Домофон на двери был сломан, и я без проблем зашла в подъезд. Надавила на кнопку с цифрой семь на табло лифта и, лишь позвонив в дверной звонок, подумала о том, что надо было сначала связаться с ним по телефону. С другой стороны, если Антона не окажется дома, я просто поставлю напротив этого жизненного задания галочку с пометкой «сделала все, что смогла».
Но Курков открыл дверь, и по его лицу я сразу поняла, что кулак Самойлова вчера подружился не со стеной, совершенно точно не с ней.
— Я все понимаю, но знаешь, я еще жить хочу.
— Вот как? — удивленно произнесла, все еще глядя на лицо Антона, впитывая в себя каждую изменившуюся черточку. Девять лет прошло, мужчина постарел, и на фоне отекшего глаза и разбитого носа проступили морщинки, которых не было. А еще у него однозначно стало намного меньше волос.

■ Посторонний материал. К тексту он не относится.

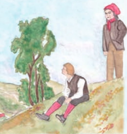
A medida que pasaba el tiempo, Leopoldo se estaba volviendo diferente...

Cuando parecía que estaba presto a ser descubierto, oyó un disparo que procedía del jacobino. Se siguieron unos instantes de silencio. De repente, percibió que aquella persona se estaba acercando... Pero, curiosamente, Gabriel ya no sentía pavor, se levantó y se encontró con su pa-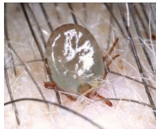
キチマダニ（吸血中）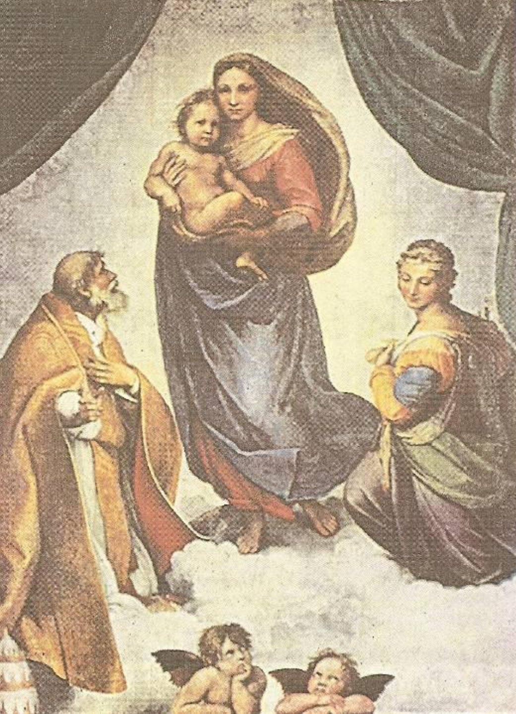
Сикстинская Мадонна. 1513 – 1514 гг.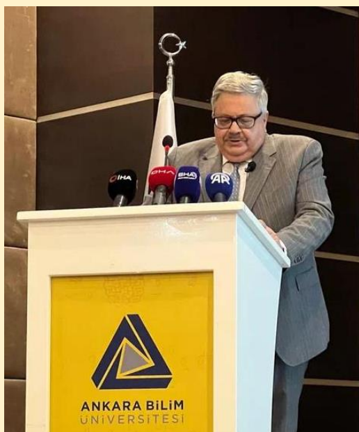
Ерхов Алексей Владимирович

Чрезвычайный и Полномочный Посол Российской Федерации в Турецкой Республике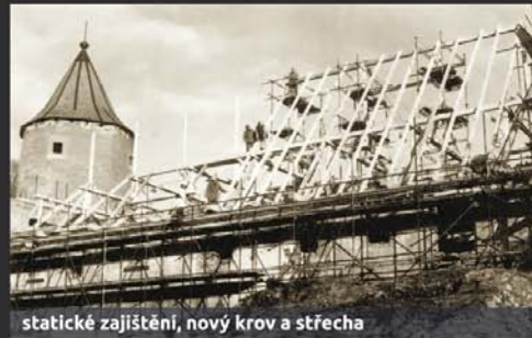
statické zajištění, nový krov a střecha

— Курков, да тебе бриться пора, если не хочешь с лысиной ходить. Пусти, а?
Мужчина, видимо в шоке от моего беспардонного замечания, отступил назад, пропуская меня на порог.
Я зашла в квартиру, не обращая на бывшего мужа никакого внимания, прошла по коридору, касаясь кончиками пальцев стен.
Не разуваясь, я заглянула на кухню, а потом пошла в единственную комнату.
— А говорят еще, дешевая мебель быстро ломается. — Я присела на стул у компьютерного стола и махнула ладонью в сторону широкой двуспальной кровати. — Сколько ей лет, двенадцать уже?
— Тринадцать, Вика, — шепнул Антон, прислонившись к дверному косяку и сложив руки на груди.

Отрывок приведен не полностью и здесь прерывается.